#### [PROBLEM TO WORK ON]
A word-for-word copy of the listing, free of images, is the expected answer.

#### [DATASET EXTRACT]
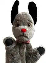 Sooty is a British children's television media franchise created by Harry Corbett incorporating primarily television and stage shows. The franchise originated with his fictional glove puppet character introduced to television in 1955, with the franchises focused around the adventures of the character – a mute yellow bear with black ears and nose, who is kind-hearted but also cheeky, performs magic tricks and practical jokes, and infamously squirts his handler and other people with his iconic water pistol, including on other television programmes he guest stars on. The franchise itself also includes several other puppet characters who were created for television, some of whom became the backbone to performances, and features additional elements including an animated series, two spin-off series for the direct-to-video market, and a selection of toy merchandising.
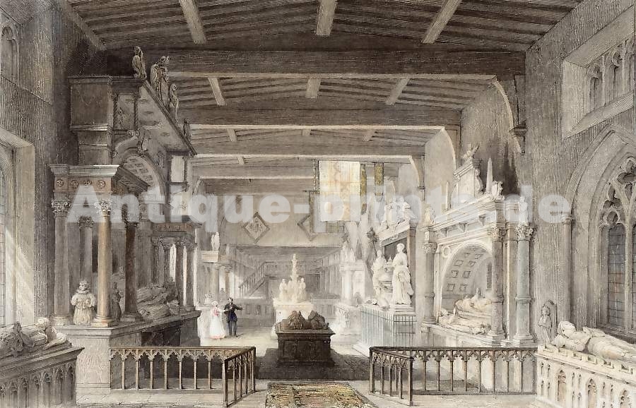 England. Original steel engraving drawn by W. H. Bartlett, engraved by H. Adlard. 1833. Good condition. Hand-coloured. 16x10cm. Matted.
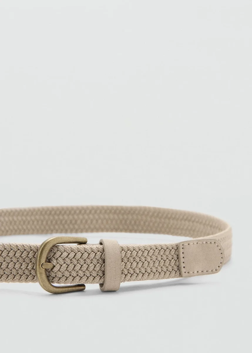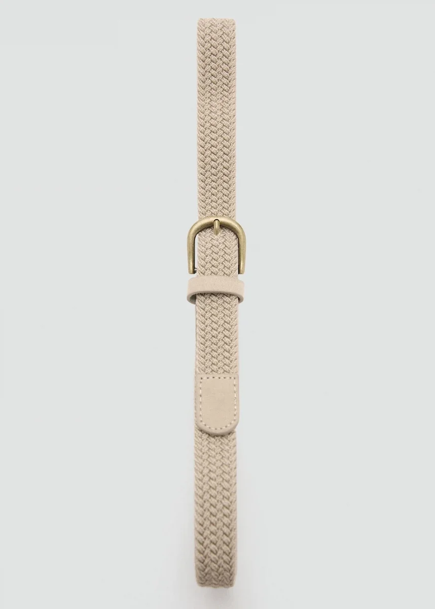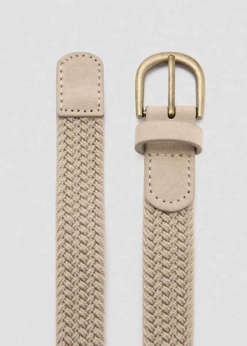 Design intrecciato. Chiusura con fibbia. Dettagli in ecopelle. Passante singolo.
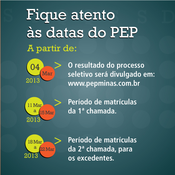 PEP Os candidatos que concorrem às vagas nos cursos técnicos do Programa de Educação Profissional (PEP) devem ficar atentos ao calendário do processo seletivo, que a partir do dia 04 de março, divulgará os resultados no site do Programa.

#### [RESULT]
 Sooty is a British children's television media franchise created by Harry Corbett incorporating primarily television and stage shows. The franchise originated with his fictional glove puppet character introduced to television in 1955, with the franchises focused around the adventures of the character – a mute yellow bear with black ears and nose, who is kind-hearted but also cheeky, performs magic tricks and practical jokes, and infamously squirts his handler and other people with his iconic water pistol, including on other television programmes he guest stars on. The franchise itself also includes several other puppet characters who were created for television, some of whom became the backbone to performances, and features additional elements including an animated series, two spin-off series for the direct-to-video market, and a selection of toy merchandising.
 England. Original steel engraving drawn by W. H. Bartlett, engraved by H. Adlard. 1833. Good condition. Hand-coloured. 16x10cm. Matted.
 Design intrecciato. Chiusura con fibbia. Dettagli in ecopelle. Passante singolo.
 PEP Os candidatos que concorrem às vagas nos cursos técnicos do Programa de Educação Profissional (PEP) devem ficar atentos ao calendário do processo seletivo, que a partir do dia 04 de março, divulgará os resultados no site do Programa.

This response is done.